# 1999 or 2000 rexhall aerbus 35 foot water heater



## rex1212 (Mar 26, 2009)

Is there a way to check if the water heater on my aerbus is a dual power (gas electric) or just propane.  It is a DSI unit, and it has a orange wire (I suspect it is the igniter) towards the bottom.  The only other wire I can see is the ground wire mounted on the left side of the heater.  I looked in my breaker box, and there are both a 20 amp 110 volt breaker for the water heater as well as a 12 volt fuse (also 20 amps)
I have looked in the owner's manual that I got when I bought the rig last year, but it mentions both types, I have quite a lot of some sort of white build up on the bottom of the heat cavity, and it is covering up the model numbers.
Anyone able to deduce this ?

Thanks so much.

Full timers, Chevy Malibu toad


----------



## Grandview Trailer Sa (Mar 26, 2009)

Re: 1999 or 2000 rexhall aerbus 35 foot water heater

Hello and welcome,

Is your heater a Surburban or Atwood?  If it is a Surburban, in the lower left corner you will have an ON /OFF toggle switch.  That is your elec. switch, if so equipped.  
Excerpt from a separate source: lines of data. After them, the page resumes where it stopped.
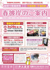 2026年3月17日(火)~3月23日(月) 、西岡霊廟(札幌市豊平区西岡509) 1F正面入口ホールにて「お墓・納骨堂の相談会」を開催いたします。
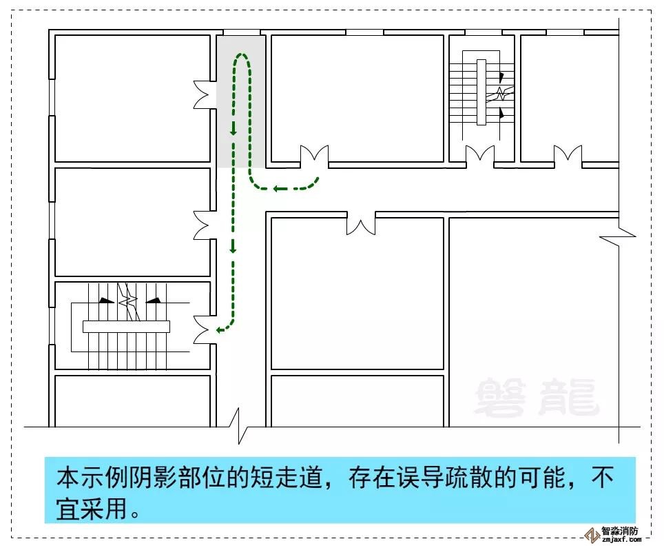 圖示5類似的疏散走道,陰影部位的短走道,存在誤導疏散的可能,不宜采用。確需采用時,應按直線方向行走的疏散習慣,保證a
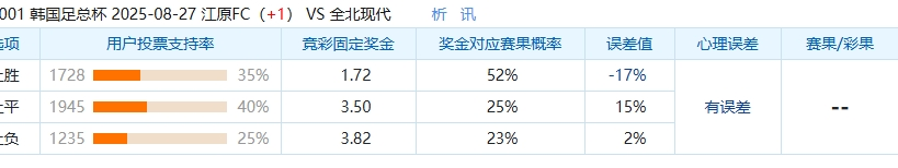 本场比赛中,选择江原FC让球胜的球迷偏少了,只有35%的球迷选择让球胜选项,这场比赛中,大家都看好客队全北现代能够赢或者大胜赢得这场比赛,不看好主队江原FC保住分数,但是这也与奖金对应赛果概率的52%相差17%。
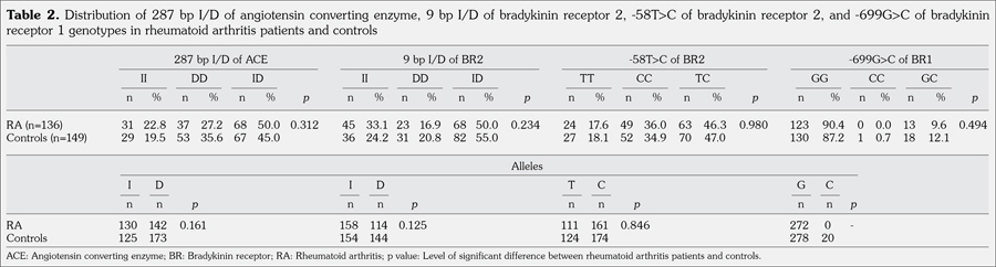 Previous studies reported increased levels of ACE and BK in RA synovial fluid and up-regulation of BR1 and BR2.(3,11-16) Furthermore, KNG gene showed differential expression in studies of its association with RA,(17-19) while genome wide screens revealed that BR1 may be related to RA.(20) Additionally, to our knowledge, only one study in the literature described the association of the insertion/deletion polymorphism in ACE gene with RA.(21) Therefore, genetic variants that may affect ACE, BK, and BR genes expression and function may predispose to RA manifestation. Even though the role of KKS in autoimmunity and RA is reviewed extensively in the recent literature,(22) no genotypic data and associations are reported. Consequently, the present study is the first that examineds extensively the relationship of certain functional polymorphisms of KNG, ACE, BK, BR1 and BR2 genes with RA susceptibility.(2)

If you have and Atwood, not that easy since they dont have a switch on the outside...Let us know.


----------



## Guest (Mar 26, 2009)

Re: 1999 or 2000 rexhall aerbus 35 foot water heater

I agree with GTS ,, u should have either a switch on the outside ,, or one on the main panel inside the rv ,,, but as GTS said ,,, it depends on the model of WH u have ,,, as GTS said if u can tell us the model we can help u out more ,,, and maybe even find u some material on u'r w/H
welcome to the forums  :approve:  :approve:


----------



## Paul235 (Apr 4, 2009)

RE: 1999 or 2000 rexhall aerbus 35 foot water heater



I also have a 99Rexhall 35 (DSL). As far as I know electric/gas was not an option for Rexhalls in 99. The orange wire you see is the connector for the igniter and the white stuff at the bottom of the heater is most likely corrosion from the sacrificial anode.  Its the hex head shaped plug near the bottom. You really need to remove this on an annual basis and clean or replace. It will keep your heater from corroding and help stop the water from breeding bugs if not flushed out regularly. Most that I have checked have nothing left but a thin center wire. It can be replaced by any generic anode in the same 3/4" pipe thread size. You can find them in most olaces that sell home water heaters. Just cut them to the same length of the old wire with a hack saw. Just don't make it too long to prevent any damage to back of the heater. They are sometimes tough to move, but will move with a 1 1/8 socket and a big breaker bar. Flush it out well before putting the new one in and it should give good service. 



Good Luck!


----------